The coronavirus pandemic has upended the lives of everyone in our city, and no more so than the lives of our children and young people. But we as a council, have stepped up to do the best by our children and make sure that in our covid-19 response we have put them first.
Council calls on Government to address funding disparities for Early Years provision in Sheffield
Executive Member for Education, Children and Families, Councillor Jayne Dunn is calling on the Government to address funding disparities to Early Years provision in Sheffield.
Councillor Dunn advocates that the early years are critical for a child’s development and childcare is a fundamental building block of our economy and further believes that over the last decade, early years services have been neglected by the government.
In a letter issued today to the Secretary of State, Gavin Williamson, Councillor Jayne Dunn expressed her concerns regarding the disparity in Sheffield’s hourly Funded Early Learning (FEL) rate, compared to other core cities with similar socio-economic conditions. She outlines the variation in the hourly FEL rate across comparative core cities showing that Bristol receives £5.69 per hour for 3–4-year-olds, some 21% higher than Sheffield’s rate of £4.71 per hour.
Councillor Jayne Dunn said, “From a Sheffield perspective it appears that we continue to be underfunded compared to other local authorities – there has been a similar increase (around 3% for all other core cities except Bristol), which means the historic anomalies in funding have not been addressed.
“In addition to the inconsistencies in funding across local authorities, we believe that the increase being offered nationally is insufficient to meet the increasing costs as a result of the National Living Wage which has increased by around 11% over the period 2018/19 to 2021/22, and which exemplifies the shortfall between FEL growth and wage costs.”

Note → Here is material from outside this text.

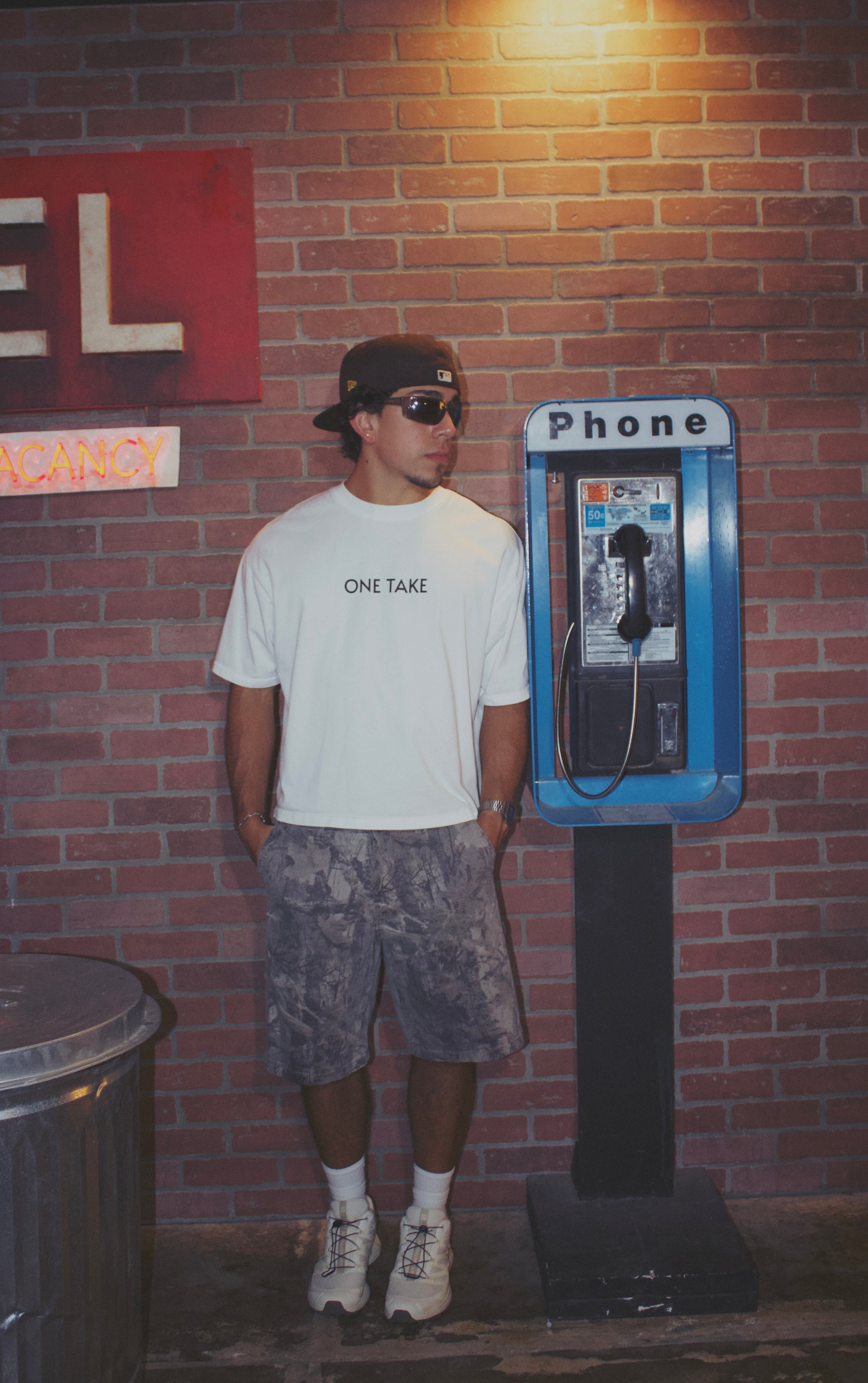 Back: Graffiti-style “One Take” artwork with subtle 01 + EST·2024 details.
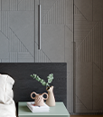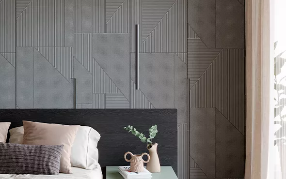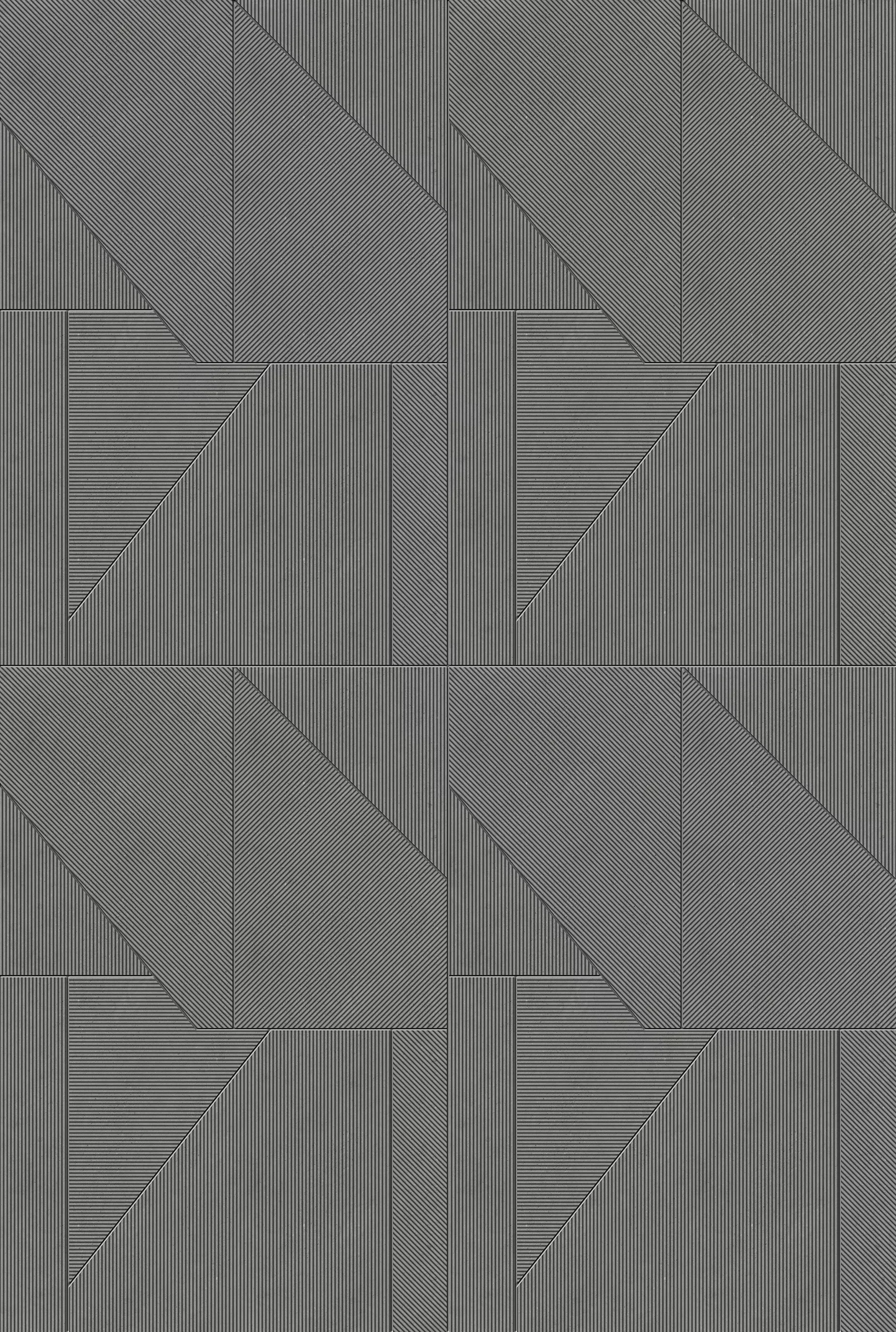 Com uma presença robusta e industrial, este padrão traz o concreto com efeito canelado tridimensional, sendo versátil permitindo combinações com padrões unicolores, criando um visual moderno e contemporâneo.

Councillor Jayne Dunn also highlights that the sector has been disproportionately impacted by Covid-19. Despite early years providers being relied upon to enable key workers to continue to work during the pandemic; they received far less financial protection than schools and did not receive the additional funding for Spring 2021 as anticipated. Staffing in the sector is also becoming and issue due to the inability to pay competitive rates.
Cllr Dunn continues, “While Sheffield City Council provided additional support for the publicly funded hours (over and above national guidance), early years providers received little support for the paid provision.
“The insufficient increase in funding, historical underfunding, increasing costs and impact of Covid-19 means that early years providers in Sheffield will be faced with financial sustainability issues across the childcare sector. This could potentially lead to closure for a number of providers, seriously impacting our ability to provide sufficient FEL and Childcare places for parents in the city.
“It is also becoming increasingly difficult to recruit and retain quality staff due to the early years providers’ ability to pay competitive rates.
“Low staffing levels within settings have an impact on providers being able to access SEND and safeguarding training, meetings and networks which would benefit the children and families in their care, resulting in issues not being diagnosed, addressed or supported as there are not the staff numbers to cover whilst maintaining required ratios. In addition, many settings cannot afford to access training and there are some practitioners who self-fund their own training and further qualifications.”
The letter to Government has been prompted by many years of standstill funding for FEL in Sheffield resulting in a real terms reduction in funding for the early years sector, and due to inflation and increased costs there is little to no cost saving that can be done without impacting on the outcomes for Sheffield children.
“Sheffield City Council continues to work with early years providers via the Schools Forum and its Early Years Working Group to assess any potential impact on the sector and to provide support and guidance.
“As Vicky Ford MP said in a recent speech: ‘The early years experience is a vital part of a child’s education. It is when children develop the communication skills that set them up for life. Those skills cannot be taught online.’ We trust you can see that the historically low FEL allocation continues to be seriously disadvantageous for Sheffield early years providers and we would therefore appreciate your help to increase funding to this sector without delay.”, wrote Councillor Jayne Dunn.